Friday, November 8, 2024

Yorkshire insolvency expert highlights the risks of giving gift cards at Christmas

As the festive season gets into full swing, Yorkshire shoppers planning to give gift cards to family and friends for Christmas need to make sure they understand the potential risks involved in buying them warns Eleanor Temple, Yorkshire chair of insolvency and restructuring trade body R3 and a barrister at Kings Chambers in Leeds.

Ms Temple says that consumers must be aware that they could lose their money if a retailer goes out of business. She continues: “While gift cards are really convenient and can be easily bought both in stores and online, itlso vital consumers understand how they can be affected if the retailer that offers them enters an insolvency process.

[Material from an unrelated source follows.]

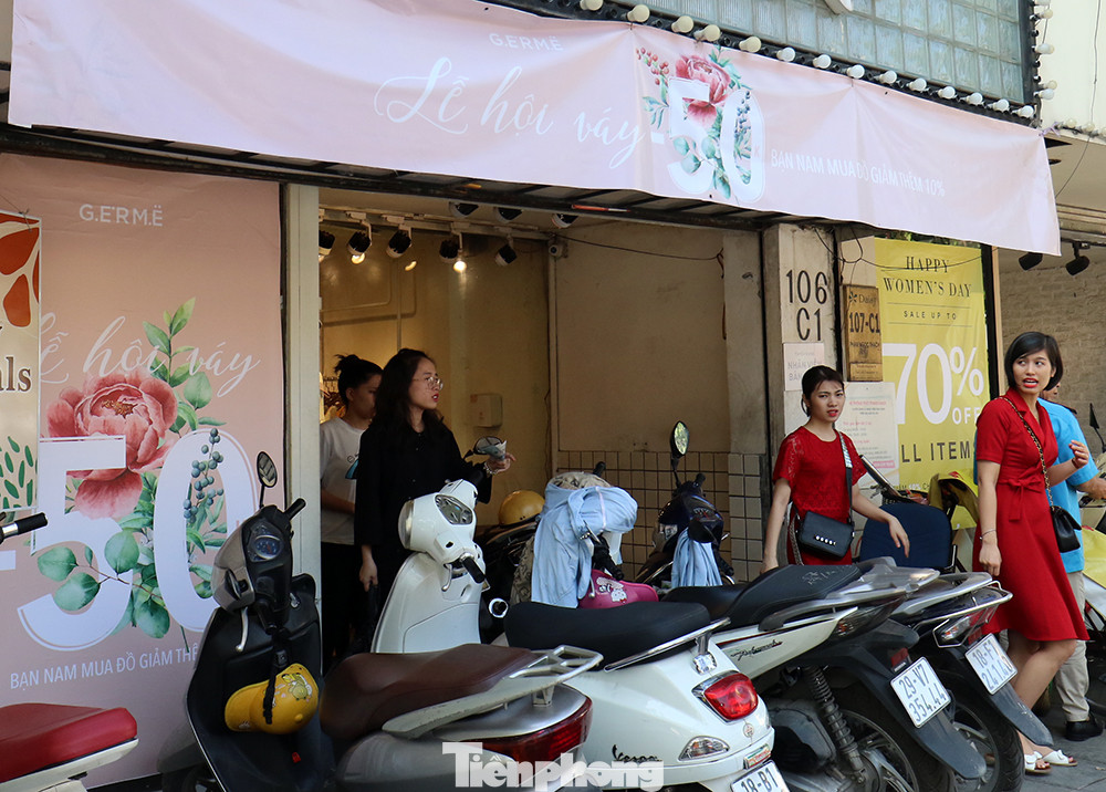 Trên đường Bà Triệu,Phố Huế, Phạm Ngọc Thạch… một loạt các cửa hàng bán quà tặng, quần áo thực hiện giảm giá như mua 1 tặng 1, giảm từ 10 - 50%, giảm giá quần áo tới 70%...

“If the retailer which has entered an insolvency procedure is either continuing to trade or has gone through a pre-pack administration, customers will need to check with store staff whether they can still redeem them. If the store is still honouring them, it’s generally a good idea to spend them sooner rather than later, particularly as there’s a risk that your local store may be earmarked for closure or the situation across the whole organisation may change quickly, if the firm becomes insolvent.”

A number of retailers that have gone into administration or liquidation over recent years have been unable to honour gift cards that were bought before their insolvency process began, with shoppers losing their money as a result.

In other cases, failing firms have refused to honour gift cards after a given point in their insolvency process.

With several well-known high street stores having entered insolvency during the pandemic and the wider sector continuing to face severe trading difficulties, consumers would be well advised to take these risks into account.

Ms Temple continues: “It is understandably frustrating when a retailer won’t accept gift cards during an insolvency process, but the insolvency practitioners in charge of the process are obliged to look after all creditors’ interests according to a strict hierarchy set out in law, and, unfortunately, customers are just one of many.

“Insolvency practitioners overseeing a retail insolvency have to make their decisions regarding accepting gift cards on a commercial basis and it is not a decision that they will take lightly. On the one hand, accepting them could lose the business more money, but on the other, not doing so could hurt the relationship between the retailer and its customers.”

She adds: “In the case of a pre-pack administration, where a company enters administration and is immediately sold to another buyer, then whether or not gift cards and vouchers issued prior to the administration are still honoured is up to the new owners. Although the name above the door may have stayed the same, legally it is a new and distinct entity and has no obligation to allow gift cards sold by its former incarnation to be used.”

Financial pressures on retailers can also be increased by the rental payments due to their landlords around 25 December, which is one of four Quarter Days in each year on which these bills are due to be settled, while the recent removal of the government’s pandemic business support measures has taken away a safety net that may have helped to keep many retailers in business over the last 18 months.